THE DATA ::
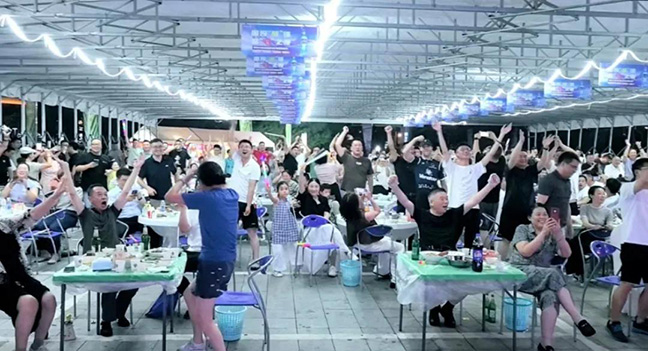 7月19日,為期一個(gè)月的“國(guó)投鮮鋒,盛蝦之宴”首屆龍蝦啤酒音樂(lè)節(jié)圓滿落幕。這場(chǎng)集美食、娛樂(lè)與互動(dòng)于一體的夏日盛宴,讓酒店戶外廣場(chǎng)成為市民夏夜打卡的“網(wǎng)紅地標(biāo)”——累計(jì)超1萬(wàn)人次的接待量、超50萬(wàn)元的營(yíng)收成績(jī),印證了活動(dòng)的超強(qiáng)吸引力。香辣、蒜蓉、十三香等十余種口味的龍蝦、滋滋作響的美味燒烤,與冰爽啤酒組成絕佳搭配。樂(lè)隊(duì)live演出奏響夏日旋律,趣味游戲互動(dòng)掀起陣陣歡笑,巨幕光影交織著歡呼與碰杯聲,讓整個(gè)廣場(chǎng)洋溢著熱烈歡快的夏日氣息。尤其在蘇超賽事期間,這里化身為第二觀賽現(xiàn)場(chǎng),讓球迷們?cè)诿朗撑c賽事的雙重加持下盡享狂歡。
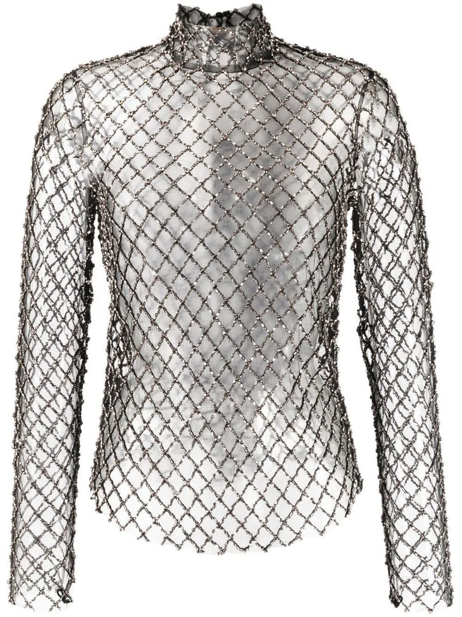 Lupita crystal-embellished tulle top
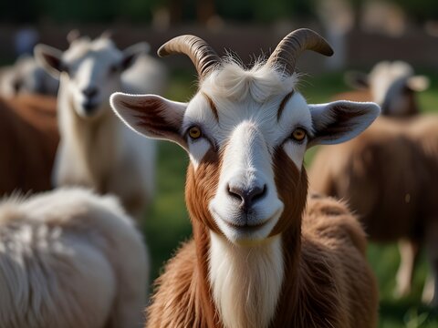 Close up of Indian sheep or Ram breed sheep or Awassi breed sheep in the fields.
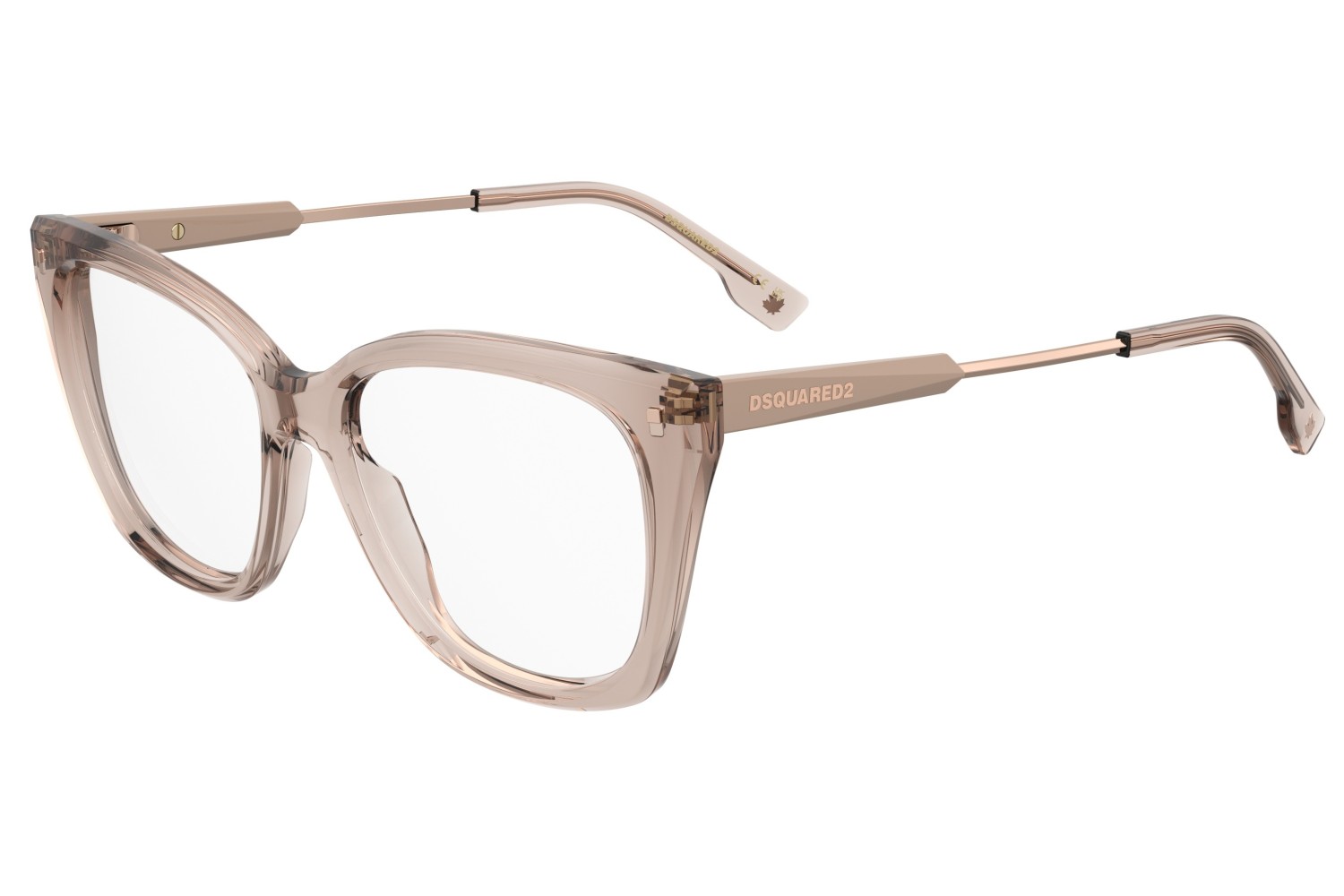 The allure of DSQUARED2 optical glasses for women is magnetic. This style has an ever-intriguing, soft and feminine cat eye shape. The combination temples are nothing short of gorgeous, with slim and essential lines in metal: one of the most-popular concepts seen on DSQUARED2 eyewear. The brand’s signature details abound, from the iconic double rivets to the inlay logo on the temple and the maple leaf on the end tips.

EXERCISE INSTRUCTIONS :: Would you please repeat the lines above exactly, from the first line of the listing through the line holding "Lupita crystal-embellished tulle top", with nothing added and no pictures?

EXERCISE RESPONSE ::
 7月19日,為期一個(gè)月的“國(guó)投鮮鋒,盛蝦之宴”首屆龍蝦啤酒音樂(lè)節(jié)圓滿落幕。這場(chǎng)集美食、娛樂(lè)與互動(dòng)于一體的夏日盛宴,讓酒店戶外廣場(chǎng)成為市民夏夜打卡的“網(wǎng)紅地標(biāo)”——累計(jì)超1萬(wàn)人次的接待量、超50萬(wàn)元的營(yíng)收成績(jī),印證了活動(dòng)的超強(qiáng)吸引力。香辣、蒜蓉、十三香等十余種口味的龍蝦、滋滋作響的美味燒烤,與冰爽啤酒組成絕佳搭配。樂(lè)隊(duì)live演出奏響夏日旋律,趣味游戲互動(dòng)掀起陣陣歡笑,巨幕光影交織著歡呼與碰杯聲,讓整個(gè)廣場(chǎng)洋溢著熱烈歡快的夏日氣息。尤其在蘇超賽事期間,這里化身為第二觀賽現(xiàn)場(chǎng),讓球迷們?cè)诿朗撑c賽事的雙重加持下盡享狂歡。
 Lupita crystal-embellished tulle top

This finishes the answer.